Returns float64 — the sum of element-wise products.

L2Norm

func L2Norm(a []float64) float64
Returns the L2 (Euclidean) norm of vector a — the square root of the sum of squared elements. This is the magnitude used to normalise vectors before computing cosine similarity.
a
[]float64
required
The input vector.
Returns float64 — the Euclidean length of the vector.

Normalize

func Normalize(a []float64) []float64
Returns a new vector that is the L2-normalised version of a — that is, a divided by its L2 norm so that the result has unit length.
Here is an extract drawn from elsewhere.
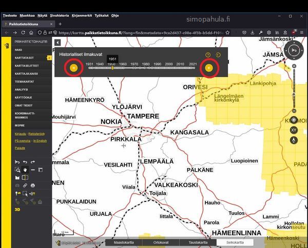 kuva3 - Historiallisia ilmakuvia selataan kuvassa ympyröidyillä valintanuolilla. Valittu vuoden 1951 kartta-aineisto. Tässä näkymässä sitä on esim Länkipohjan yllä. Lyötyneet kartta-aineistot ovat siis keltaisella pohjalla. Voit suurentaa karttaa, jolloin karttanäkymä näyttää kaiken aineiston vuodelta 1951. Tässä ohjeessa pysyn tuossa näkymässä. Suurenna karttaa kohdassa Länkipohja.

If the norm is zero (the zero vector), the original slice is returned unchanged.
a
[]float64
required
The input vector to normalise.
Returns []float64 — a new slice with the same direction as a and a magnitude of 1.0.
Normalise your embeddings before passing them to BERTScore. When both the candidate and reference embeddings are unit vectors, the dot product computed internally is equivalent to cosine similarity, which is the standard similarity measure used in the original BERTScore paper.